▸ **WORK ITEM**
The required output is the lines from the one with "В квартире гардеробная" through the end of the data, repeated verbatim, with no pictures included.

__________

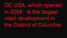 DC USA, which opened in February 2008, is the largest retail development in the District of Columbia. Located in the heart of Columbia Heights, the 890,000 square foot, $145 million retail complex is the cornerstone of the neighborhood's revitalization efforts. DC USA is a pedestrian-oriented retail complex located adjacent to the Columbia Heights Metro station. Anchored by the District's first Target - a two-level 180,000-square foot facility - the 85% occupied complex also includes 15,000 square feet of space for small minority-owned businesses and 1,000 below-grade parking spaces.
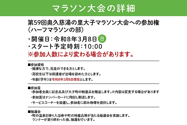 - 第59回奥久慈湯の里大子マラソン大会への参加権【令和8年3月8日(日)開催】
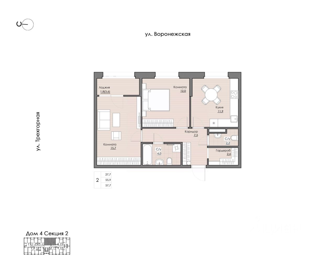 В квартире гардеробная комната, все окна выходят на ул.Воронежская.
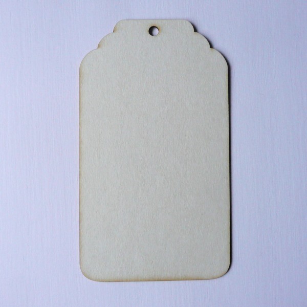 Duży tag o wymiarach 14 cm x 8 cm. Wycięty laserowo z białej tektury o grubości 1 mm.
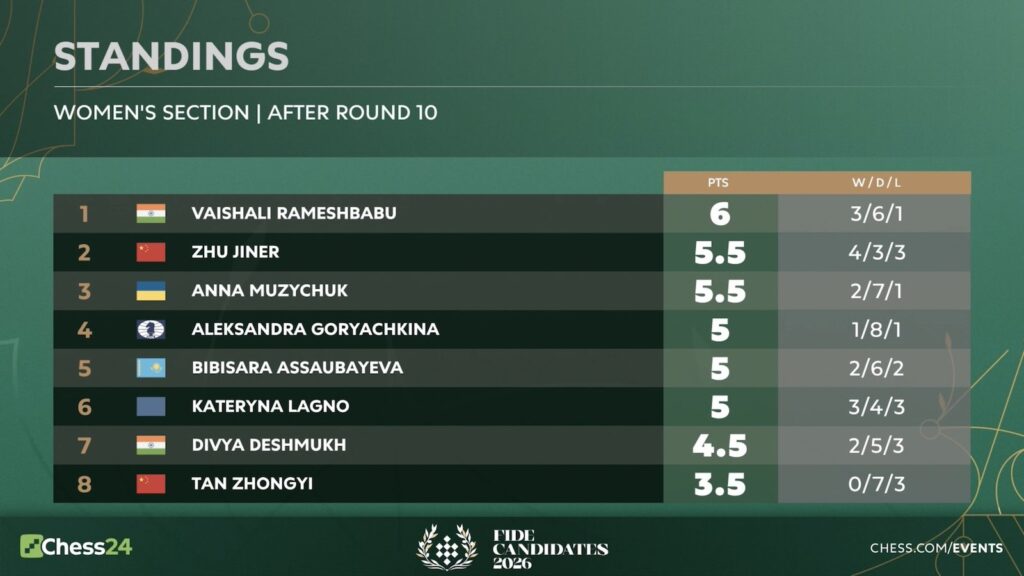La décima ronda del Torneo de Candidatas también movió la clasificación. Vaishali Rameshbabu hizo tablas con Anna Muzychuk y eso le bastó para quedar como líder solitaria, aprovechando la derrota de Zhu Jiner ante Bibisara Assaubayeva. El otro resultado decisivo fue la primera victoria de Aleksandra Goryachkina, que le infligió a Divya Deshmukh su segundo revés consecutivo. Con cuatro rondas por delante, el cuadro femenino sigue completamente abierto.
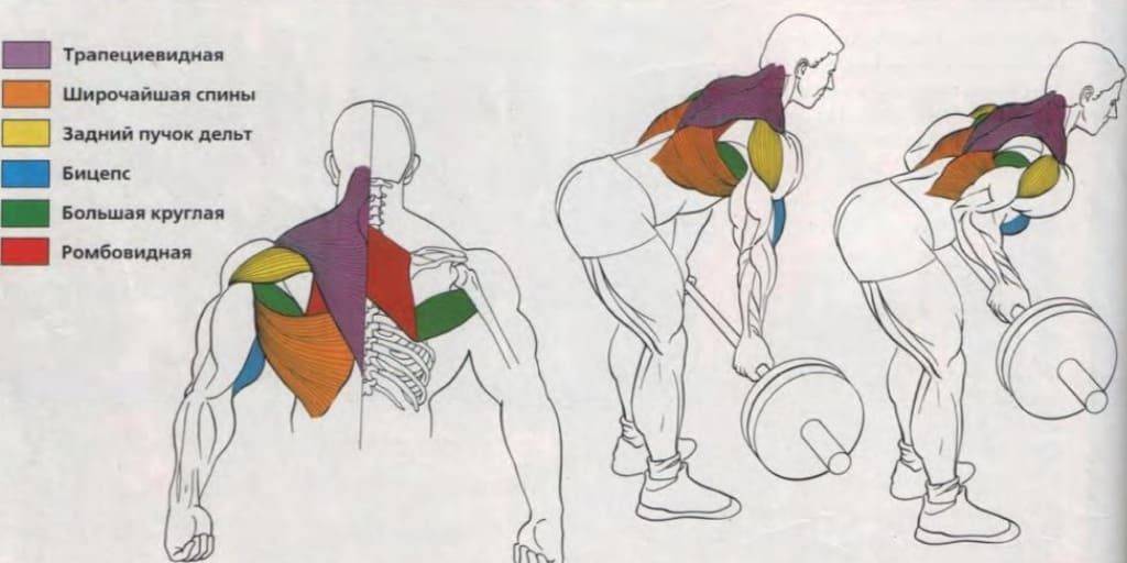 Какие мышцы задействует тяга штанги в наклоне?

__________

▸ **RESPONSE TO THIS TASK**
 В квартире гардеробная комната, все окна выходят на ул.Воронежская.
 Duży tag o wymiarach 14 cm x 8 cm. Wycięty laserowo z białej tektury o grubości 1 mm.
La décima ronda del Torneo de Candidatas también movió la clasificación. Vaishali Rameshbabu hizo tablas con Anna Muzychuk y eso le bastó para quedar como líder solitaria, aprovechando la derrota de Zhu Jiner ante Bibisara Assaubayeva. El otro resultado decisivo fue la primera victoria de Aleksandra Goryachkina, que le infligió a Divya Deshmukh su segundo revés consecutivo. Con cuatro rondas por delante, el cuadro femenino sigue completamente abierto.
 Какие мышцы задействует тяга штанги в наклоне?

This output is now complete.